I ski anything from groomers to low angle bumps/woods to easier backcountry/off piste stuff. I'm fairly incompetent on huge, steep bumps but okay everywhere else. Level 7-8. Ski ~30 days per year the last few years after several yrs away from skiing. Started skiing in 89 @ temple mtn. 5' 8" 155 lbs.

I was looking at volkl AC50s but I'm told they are really a wide carving ski and not so hot off piste. Reviews on the Magfire 78 and 82, Blizzard Magnum, and Head Monster 78 are all very good. Am I on the right track here? 165-172ish? 

Any opinions on these skis? The Monster iM 78 seems to be a universal favorite. Home hill is Wa Wa but will get 10-15 days elsewhere...saddleback, cannon, sunday river, beast, okemo, sugarbush etc.

Dan


----------



## Puck it (Oct 28, 2009)

The Sneak said:


> Okay
> I previously posted that my current quiver consists of Fischer RX8s (165cm) and Watea 78s (167cm). I find the Wateas to be good skis but not the best edge hold and lacking in energy/fun on groomers. However, the Watea 78s are pretty good in pow/trees/bumps for a hack like me. They are also excellent spring slush/corn skis IMO. I'm just used to the hyper feeling of the RX8s and so I'm looking for something that sorta bridges the 2 skis.
> 
> I ski anything from groomers to low angle bumps/woods to easier backcountry/off piste stuff. I'm fairly incompetent on huge, steep bumps but okay everywhere else. Level 7-8. Ski ~30 days per year the last few years after several yrs away from skiing. Started skiing in 89 @ temple mtn. 5' 8" 155 lbs.
> ...


 
On the right track with the monsters,  I would go up though in width.  82 or 88.  I swear by the 88 as a do everything ski.  Again try spadout.com for deals.  It does all of the searching for you.


----------



## DBNewman (Oct 28, 2009)

Agreed - if you are thinking more 'off piste', then your are not thinking wide enough. I have a pair of Monster 78's and love the way they ski on firm to groomed conditions. The race-build shines through. Since then, I've been pushing up into the 80's and find that 90mm is the top end for a one-ski quiver. After that, you are looking at owning two pair of skis.

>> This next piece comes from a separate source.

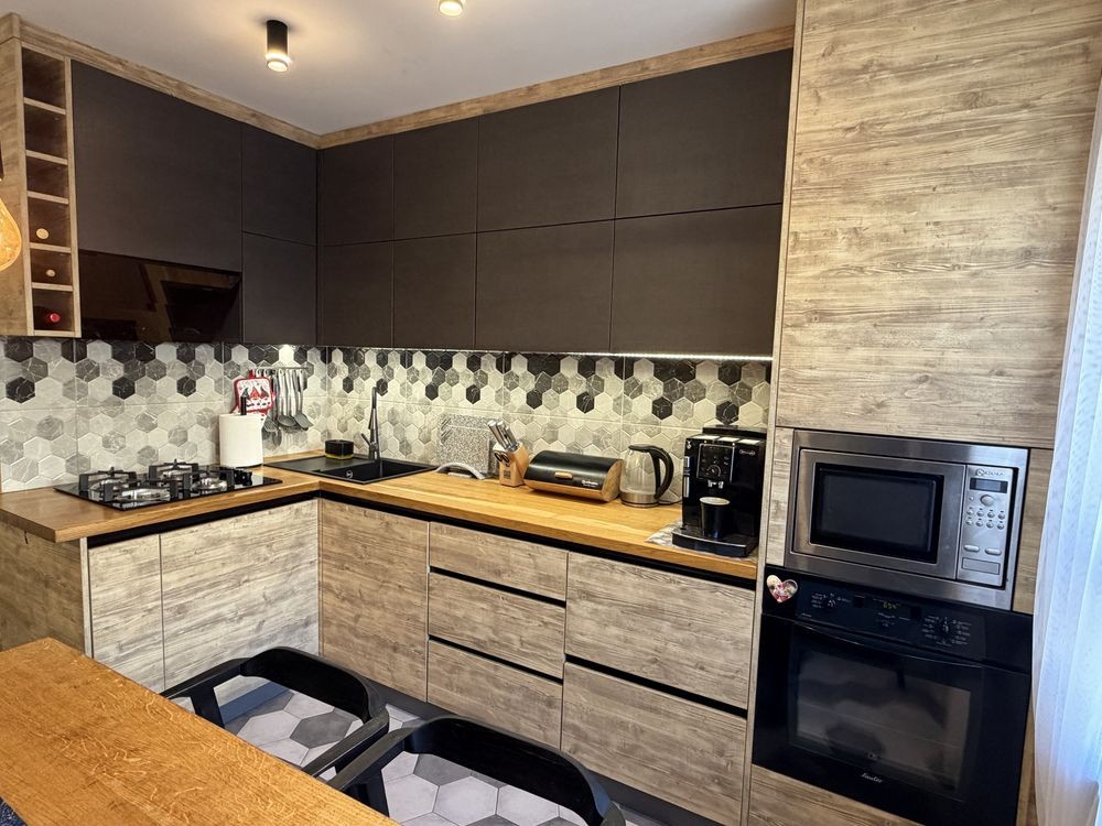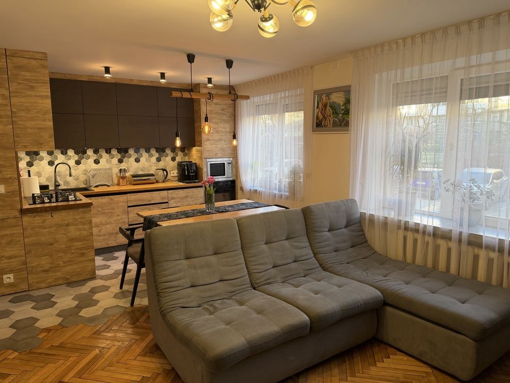 У квартирі виконано зручне перепланування: дві окремі кімнати та простора кухня-вітальня, роздільний санвузол. Встановлена сучасна кухня з якісних матеріалів.

As for the AC50, it is a bit stiff when it comes to true 'off piste'. It's no coincidence that the wider skis on the market have a much softer flex pattern than in years past. Fortunately, most know how to keep the torsional rigidity in tact.

Finally, don't over analyze this. Your boots are your most important investment. A proper fit will improve the performance of any ski you choose.  

Good luck & have a great season.


----------



## The Sneak (Oct 28, 2009)

Well
I was presented with a crazy deal on a pair of Line Prophet 90's in 172cm, new 09's in the wrapper. So I bought 'em. Now I just need some bindings.


----------



## wa-loaf (Oct 28, 2009)

The Sneak said:


> Well
> I was presented with a crazy deal on a pair of Line Prophet 90's in 172cm, new 09's in the wrapper. So I bought 'em. Now I just need some bindings.



Keep an eye on Tramdock. A few looks have been popping up recently.


----------



## Puck it (Oct 28, 2009)

The Sneak said:


> Well
> I was presented with a crazy deal on a pair of Line Prophet 90's in 172cm, new 09's in the wrapper. So I bought 'em. Now I just need some bindings.


 

Do tell.  How much?


----------